Fig.1. Typical cardiac CT data used in the study.
Multiple phases showing a single axial slice of the 4D reference acquisition used to obtain SQUEEZ (Animal #1 in Table-1). The images were reconstructed with the standard setting of the AIDR3D algorithm.
Noise Simulation
To simulate the effects of low-dose acquisitions for each scan, 8 lower dose acquisitions were simulated using the CT manufacturer supplied noise addition toolbox[12].
The noise simulation toolbox takes high-dose CT projections as input and models scanner-specific photon statistics (Poisson distribution) and electronic noise (Gaussian distribution) while taking into account the dynamic range and variance gain of the detector system at different tube currents.
The reference datasets were acquired at tube current-time product of 111–127 mAs. The effective mAs levels of the lower dose simulations were set at the following descending values: 100, 80, 60, 50, 40, 30, 20, 10, and 5. Each simulation was reconstructed using FBP and AIDR3D as described in the previous section. While the noise level in the images will change with mAs, the quality of the images also is dependent on the concentration of x-ray contrast agent in the LV blood pool. Therefore, the LV blood vs. myocardium CNR was calculated as a measure of image quality for all reconstructions. Fig.2 shows a sample of the reconstructed reference and noisy images. This series of images produced an LV blood pool signal that could be automatically segmented from the surrounding myocardium using simple intensity thresholding. An expert reader also assessed the image quality to exclude cases with prominent low-dose ring artifacts in the LV, which could not be automatically segmented. Testing CNR sensitivity of SQUEEZ was just one experiment obtained with this set of infarcted swine; other hypotheses were tested with the CT images that are not reported in this paper.
Fig.2. Original and noisy data reconstructed with two algorithms.

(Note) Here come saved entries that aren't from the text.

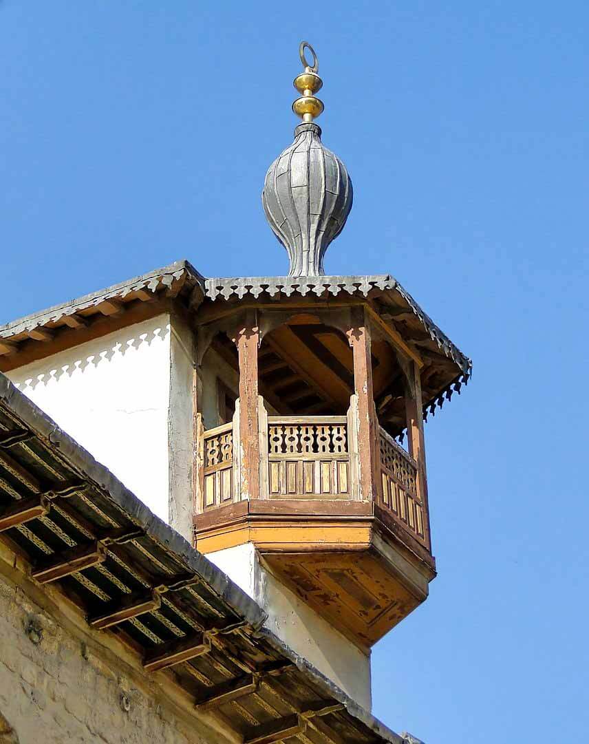The Minaret of the Bride is divided into two sections; the main tower and the spire which are separated by a lead roof.
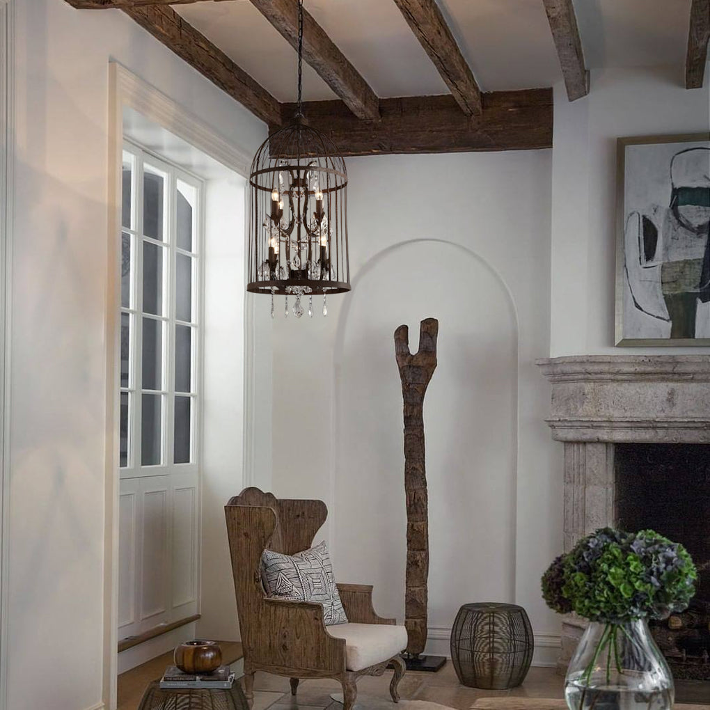A striking chandelier that merges vintage industrial style with refined crystal accents. Designed in the shape of a decorative birdcage, it brings both rustic charm and elegant sparkle to any space. Crafted from durable iron with precision grinding, cutting, and baking paint finishes, it ensures long-lasting performance while offering a warm, inviting glow.
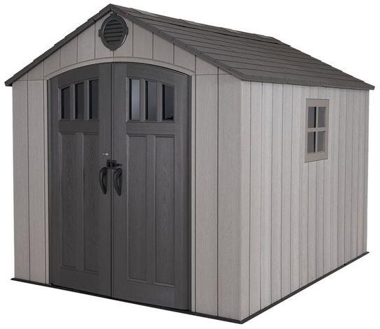 Masszív műanyag kerti ház, mely kényelmes tárolást biztosít minden kertészeti eszköz számára. A rendkívül tartós anyagnak köszönhetően az épület egész évben használható. Méret: sz. 243 × h. 304× m. 243 cm.
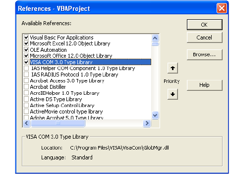 2 In the References dialog, check the "VISA COM 3.0 Type Library".

The original reference images (left column, 127 mAs) compared with images at lower mAs values created from the same projection data after the addition of noise for Animal #2 in Table-1. Top row: images reconstructed with FBP; Bottom row: images reconstructed with AIDR3D standard setting. Low-dose ring artifacts are visible at 20 mAs and are very prominent at 10 and 5 mAs. FBP: Filtered Back-Projection, AIDR: Adaptive Iterative Dose Reduction.
Global Function and SQUEEZ
Regional wall motion was calculated by tracking the left ventricular endocardium by segmenting the LV blood from the myocardium and calculating the trajectories of the endocardial features on a dense triangular mesh representing the surface. For each cardiac phase, the bright left ventricle blood pool was extracted using simple automatic thresholding yielding a set of 3D “casts” with the details of the LV endocardium engraved on each cast. The LV blood volume was calculated and phases with maximum and minimum volume were selected as the end-diastole and end-systole, respectively. The global ejection fraction was calculated from the LV volumes.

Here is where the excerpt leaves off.